WHAT YOU WILL DO: When you copy from the entries that follow, take only the lines from the one with "would most certainly" down to the one with "Sise dans un", keeping both ends and dropping every picture.

TASK DATA:
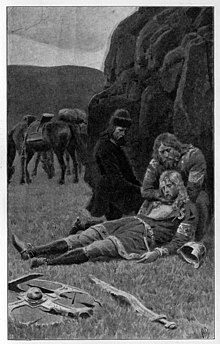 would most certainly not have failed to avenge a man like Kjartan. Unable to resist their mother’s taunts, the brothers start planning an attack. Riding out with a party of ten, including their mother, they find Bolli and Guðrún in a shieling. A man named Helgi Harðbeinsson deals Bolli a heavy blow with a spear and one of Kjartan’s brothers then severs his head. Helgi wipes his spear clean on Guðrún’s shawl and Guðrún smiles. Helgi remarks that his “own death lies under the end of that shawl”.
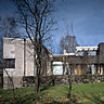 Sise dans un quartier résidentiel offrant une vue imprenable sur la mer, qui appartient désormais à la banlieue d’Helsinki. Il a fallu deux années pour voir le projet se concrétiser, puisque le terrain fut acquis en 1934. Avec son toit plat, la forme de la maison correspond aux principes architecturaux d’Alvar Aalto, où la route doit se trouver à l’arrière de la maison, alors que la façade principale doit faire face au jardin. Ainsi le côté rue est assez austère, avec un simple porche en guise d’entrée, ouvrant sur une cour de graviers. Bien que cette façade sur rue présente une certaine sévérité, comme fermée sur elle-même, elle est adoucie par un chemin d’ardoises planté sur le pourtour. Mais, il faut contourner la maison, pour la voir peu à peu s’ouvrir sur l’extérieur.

---

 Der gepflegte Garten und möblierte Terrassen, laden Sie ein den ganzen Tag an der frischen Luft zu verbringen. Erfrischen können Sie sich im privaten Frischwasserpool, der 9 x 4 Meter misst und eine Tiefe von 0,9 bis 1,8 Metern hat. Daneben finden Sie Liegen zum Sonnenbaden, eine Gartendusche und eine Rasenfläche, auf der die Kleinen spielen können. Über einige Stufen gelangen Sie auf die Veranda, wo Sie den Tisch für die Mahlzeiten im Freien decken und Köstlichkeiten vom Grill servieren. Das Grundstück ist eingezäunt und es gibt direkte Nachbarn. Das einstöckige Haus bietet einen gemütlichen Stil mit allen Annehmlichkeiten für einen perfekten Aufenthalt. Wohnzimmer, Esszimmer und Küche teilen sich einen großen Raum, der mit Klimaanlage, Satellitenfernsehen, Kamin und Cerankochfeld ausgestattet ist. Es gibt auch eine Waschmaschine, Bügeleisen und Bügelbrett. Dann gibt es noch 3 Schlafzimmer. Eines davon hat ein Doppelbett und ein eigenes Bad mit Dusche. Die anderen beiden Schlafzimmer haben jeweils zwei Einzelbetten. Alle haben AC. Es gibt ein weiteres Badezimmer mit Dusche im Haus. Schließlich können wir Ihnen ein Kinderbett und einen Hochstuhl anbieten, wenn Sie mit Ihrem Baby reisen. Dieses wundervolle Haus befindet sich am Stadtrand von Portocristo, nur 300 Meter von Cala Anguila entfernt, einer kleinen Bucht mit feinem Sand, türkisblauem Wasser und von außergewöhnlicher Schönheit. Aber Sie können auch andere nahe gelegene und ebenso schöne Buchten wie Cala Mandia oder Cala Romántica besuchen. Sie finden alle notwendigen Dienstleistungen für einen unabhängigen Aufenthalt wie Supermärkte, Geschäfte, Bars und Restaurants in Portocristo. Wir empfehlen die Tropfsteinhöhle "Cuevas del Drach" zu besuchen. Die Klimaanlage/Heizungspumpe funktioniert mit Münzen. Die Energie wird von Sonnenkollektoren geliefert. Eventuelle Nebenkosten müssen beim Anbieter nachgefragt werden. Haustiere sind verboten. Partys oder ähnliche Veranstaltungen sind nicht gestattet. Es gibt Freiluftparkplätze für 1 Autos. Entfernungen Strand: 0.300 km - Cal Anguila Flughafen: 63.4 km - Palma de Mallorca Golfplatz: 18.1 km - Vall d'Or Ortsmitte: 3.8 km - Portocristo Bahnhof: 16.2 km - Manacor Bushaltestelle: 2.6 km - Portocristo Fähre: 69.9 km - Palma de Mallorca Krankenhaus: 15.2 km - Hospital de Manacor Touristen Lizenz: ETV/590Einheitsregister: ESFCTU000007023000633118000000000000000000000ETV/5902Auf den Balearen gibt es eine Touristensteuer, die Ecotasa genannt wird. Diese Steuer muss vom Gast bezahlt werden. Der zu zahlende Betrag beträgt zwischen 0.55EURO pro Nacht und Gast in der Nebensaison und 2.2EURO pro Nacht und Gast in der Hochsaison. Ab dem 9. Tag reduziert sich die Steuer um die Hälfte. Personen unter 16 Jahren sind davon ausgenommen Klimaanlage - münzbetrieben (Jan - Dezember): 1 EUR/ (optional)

ANSWER SPACE:
 would most certainly not have failed to avenge a man like Kjartan. Unable to resist their mother’s taunts, the brothers start planning an attack. Riding out with a party of ten, including their mother, they find Bolli and Guðrún in a shieling. A man named Helgi Harðbeinsson deals Bolli a heavy blow with a spear and one of Kjartan’s brothers then severs his head. Helgi wipes his spear clean on Guðrún’s shawl and Guðrún smiles. Helgi remarks that his “own death lies under the end of that shawl”.
 Sise dans un quartier résidentiel offrant une vue imprenable sur la mer, qui appartient désormais à la banlieue d’Helsinki. Il a fallu deux années pour voir le projet se concrétiser, puisque le terrain fut acquis en 1934. Avec son toit plat, la forme de la maison correspond aux principes architecturaux d’Alvar Aalto, où la route doit se trouver à l’arrière de la maison, alors que la façade principale doit faire face au jardin. Ainsi le côté rue est assez austère, avec un simple porche en guise d’entrée, ouvrant sur une cour de graviers. Bien que cette façade sur rue présente une certaine sévérité, comme fermée sur elle-même, elle est adoucie par un chemin d’ardoises planté sur le pourtour. Mais, il faut contourner la maison, pour la voir peu à peu s’ouvrir sur l’extérieur.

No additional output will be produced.